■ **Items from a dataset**
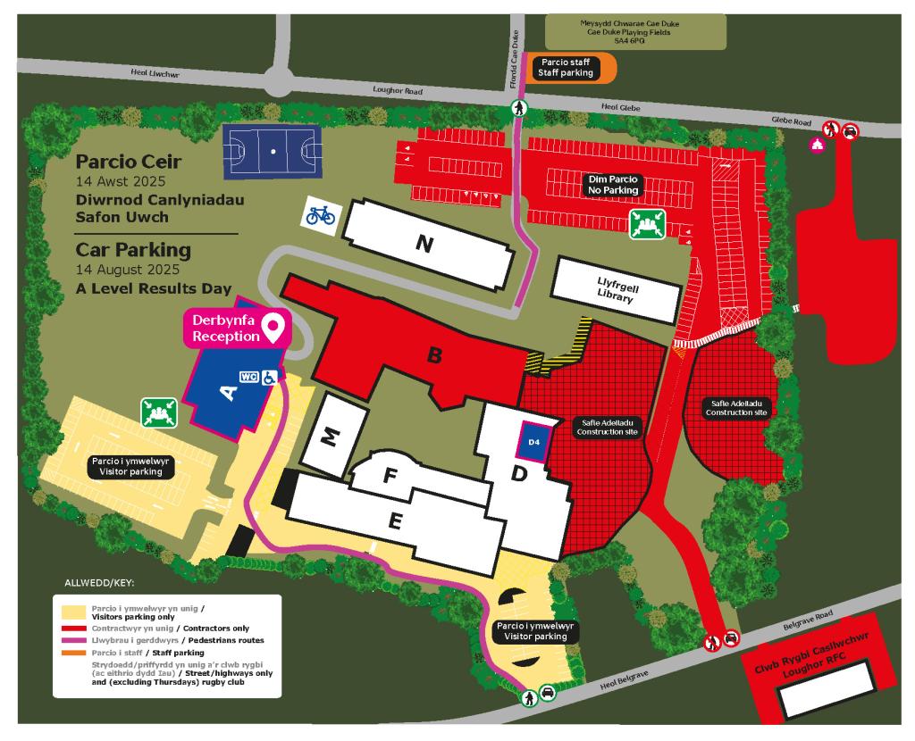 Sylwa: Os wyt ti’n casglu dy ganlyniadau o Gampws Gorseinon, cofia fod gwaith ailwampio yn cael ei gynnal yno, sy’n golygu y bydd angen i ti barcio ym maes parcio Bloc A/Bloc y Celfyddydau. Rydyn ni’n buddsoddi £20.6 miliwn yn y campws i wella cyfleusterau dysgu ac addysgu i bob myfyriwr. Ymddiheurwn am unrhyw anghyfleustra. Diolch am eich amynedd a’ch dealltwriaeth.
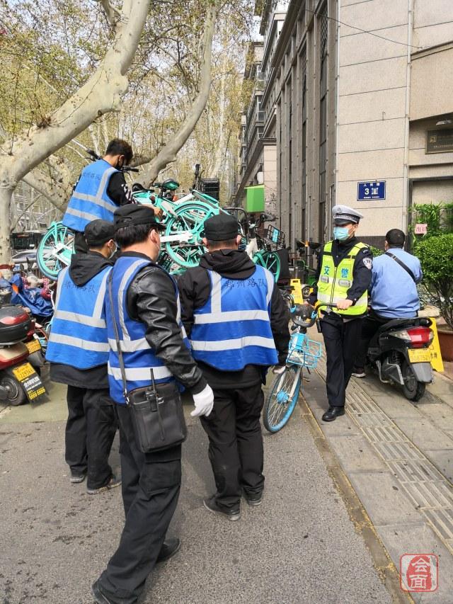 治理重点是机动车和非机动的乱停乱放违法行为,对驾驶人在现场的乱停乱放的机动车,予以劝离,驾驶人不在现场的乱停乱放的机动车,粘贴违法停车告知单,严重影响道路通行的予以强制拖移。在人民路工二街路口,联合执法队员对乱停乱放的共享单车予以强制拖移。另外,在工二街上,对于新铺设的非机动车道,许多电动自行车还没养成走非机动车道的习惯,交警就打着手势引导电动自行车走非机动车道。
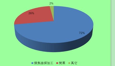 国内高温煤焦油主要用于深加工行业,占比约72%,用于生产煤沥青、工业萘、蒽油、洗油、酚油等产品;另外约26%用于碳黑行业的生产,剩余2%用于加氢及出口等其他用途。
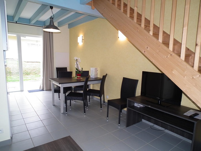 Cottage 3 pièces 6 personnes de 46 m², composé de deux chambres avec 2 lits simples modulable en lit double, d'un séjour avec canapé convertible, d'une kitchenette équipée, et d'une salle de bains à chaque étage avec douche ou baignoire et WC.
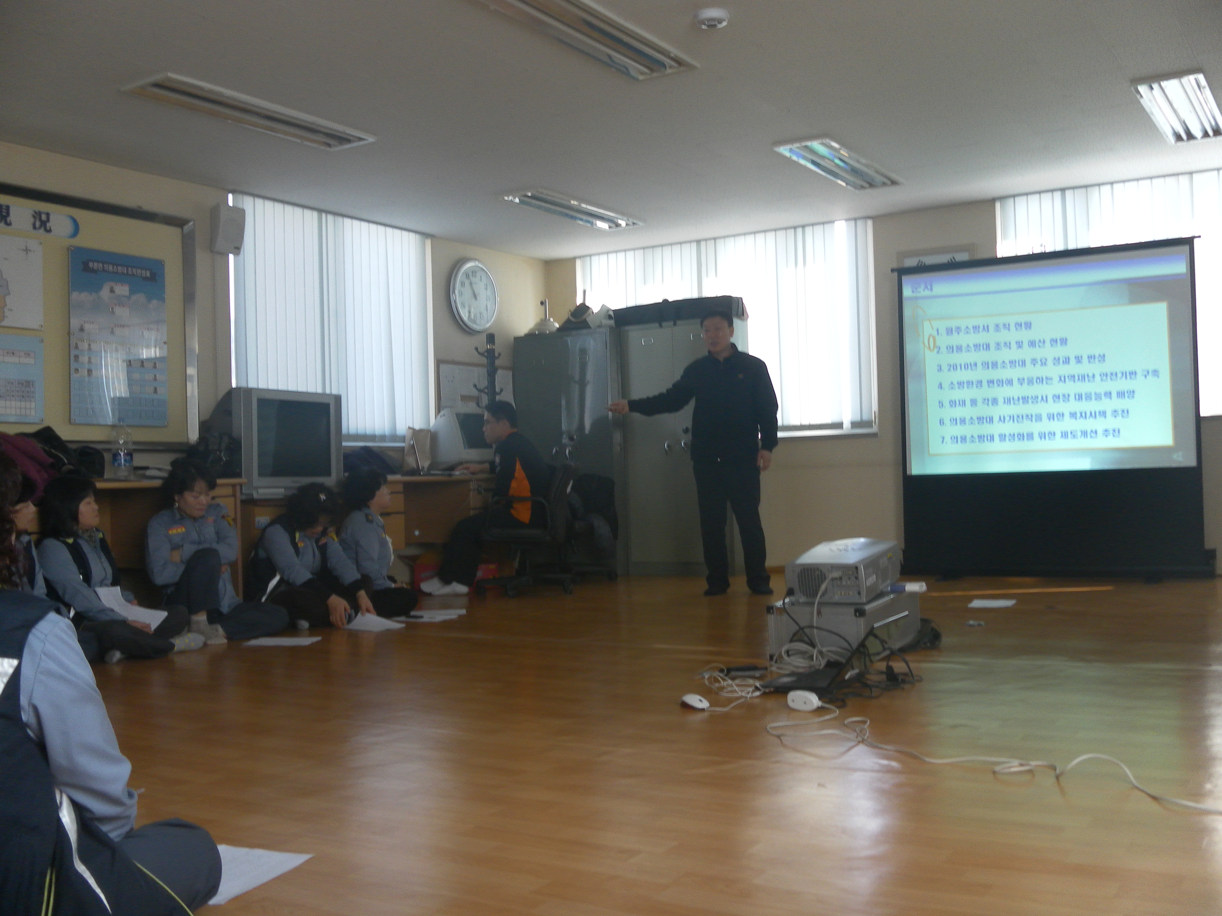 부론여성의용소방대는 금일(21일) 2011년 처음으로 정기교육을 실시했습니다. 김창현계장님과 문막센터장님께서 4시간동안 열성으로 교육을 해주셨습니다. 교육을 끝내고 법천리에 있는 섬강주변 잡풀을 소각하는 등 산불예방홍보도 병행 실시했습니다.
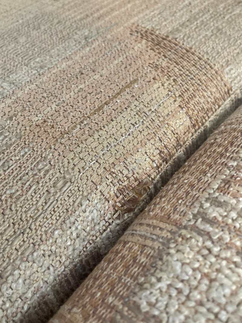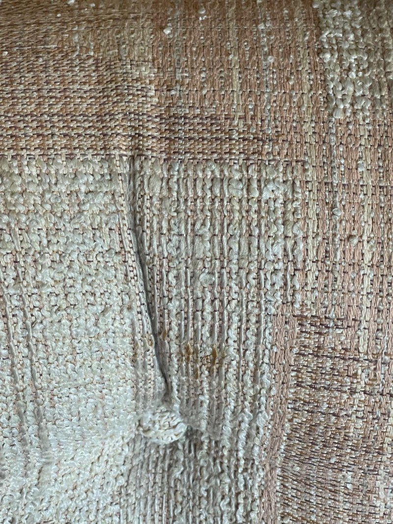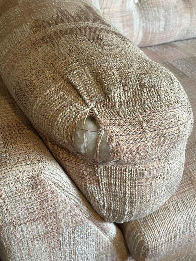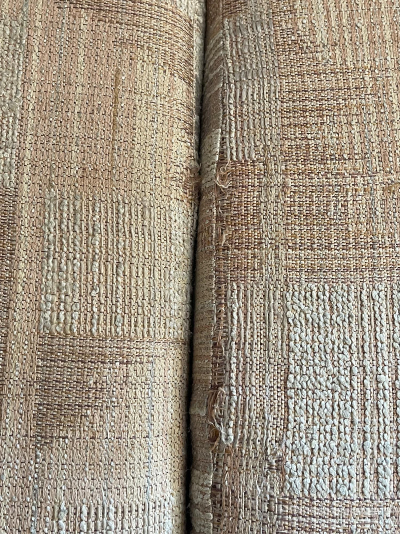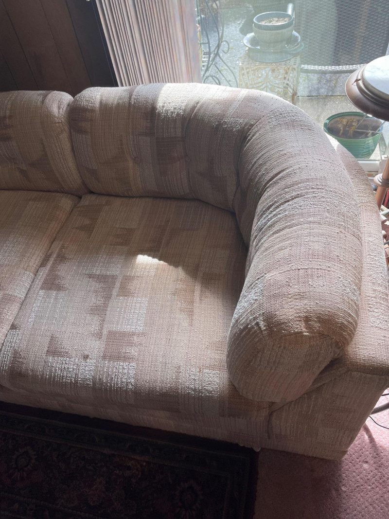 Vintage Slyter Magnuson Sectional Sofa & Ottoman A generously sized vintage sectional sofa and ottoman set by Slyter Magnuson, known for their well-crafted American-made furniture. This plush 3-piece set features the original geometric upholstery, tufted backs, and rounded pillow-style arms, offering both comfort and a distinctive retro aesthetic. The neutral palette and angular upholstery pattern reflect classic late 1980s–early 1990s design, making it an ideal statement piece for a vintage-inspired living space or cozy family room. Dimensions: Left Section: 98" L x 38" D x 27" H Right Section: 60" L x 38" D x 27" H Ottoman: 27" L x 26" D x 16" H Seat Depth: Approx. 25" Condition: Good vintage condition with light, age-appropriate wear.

■ **YOUR OBJECTIVE**
Please give the data again unaltered, leaving out any images.

■ **THE ANSWER**
 Sylwa: Os wyt ti’n casglu dy ganlyniadau o Gampws Gorseinon, cofia fod gwaith ailwampio yn cael ei gynnal yno, sy’n golygu y bydd angen i ti barcio ym maes parcio Bloc A/Bloc y Celfyddydau. Rydyn ni’n buddsoddi £20.6 miliwn yn y campws i wella cyfleusterau dysgu ac addysgu i bob myfyriwr. Ymddiheurwn am unrhyw anghyfleustra. Diolch am eich amynedd a’ch dealltwriaeth.
 治理重点是机动车和非机动的乱停乱放违法行为,对驾驶人在现场的乱停乱放的机动车,予以劝离,驾驶人不在现场的乱停乱放的机动车,粘贴违法停车告知单,严重影响道路通行的予以强制拖移。在人民路工二街路口,联合执法队员对乱停乱放的共享单车予以强制拖移。另外,在工二街上,对于新铺设的非机动车道,许多电动自行车还没养成走非机动车道的习惯,交警就打着手势引导电动自行车走非机动车道。
 国内高温煤焦油主要用于深加工行业,占比约72%,用于生产煤沥青、工业萘、蒽油、洗油、酚油等产品;另外约26%用于碳黑行业的生产,剩余2%用于加氢及出口等其他用途。
 Cottage 3 pièces 6 personnes de 46 m², composé de deux chambres avec 2 lits simples modulable en lit double, d'un séjour avec canapé convertible, d'une kitchenette équipée, et d'une salle de bains à chaque étage avec douche ou baignoire et WC.
 부론여성의용소방대는 금일(21일) 2011년 처음으로 정기교육을 실시했습니다. 김창현계장님과 문막센터장님께서 4시간동안 열성으로 교육을 해주셨습니다. 교육을 끝내고 법천리에 있는 섬강주변 잡풀을 소각하는 등 산불예방홍보도 병행 실시했습니다.
 Vintage Slyter Magnuson Sectional Sofa & Ottoman A generously sized vintage sectional sofa and ottoman set by Slyter Magnuson, known for their well-crafted American-made furniture. This plush 3-piece set features the original geometric upholstery, tufted backs, and rounded pillow-style arms, offering both comfort and a distinctive retro aesthetic. The neutral palette and angular upholstery pattern reflect classic late 1980s–early 1990s design, making it an ideal statement piece for a vintage-inspired living space or cozy family room. Dimensions: Left Section: 98" L x 38" D x 27" H Right Section: 60" L x 38" D x 27" H Ottoman: 27" L x 26" D x 16" H Seat Depth: Approx. 25" Condition: Good vintage condition with light, age-appropriate wear.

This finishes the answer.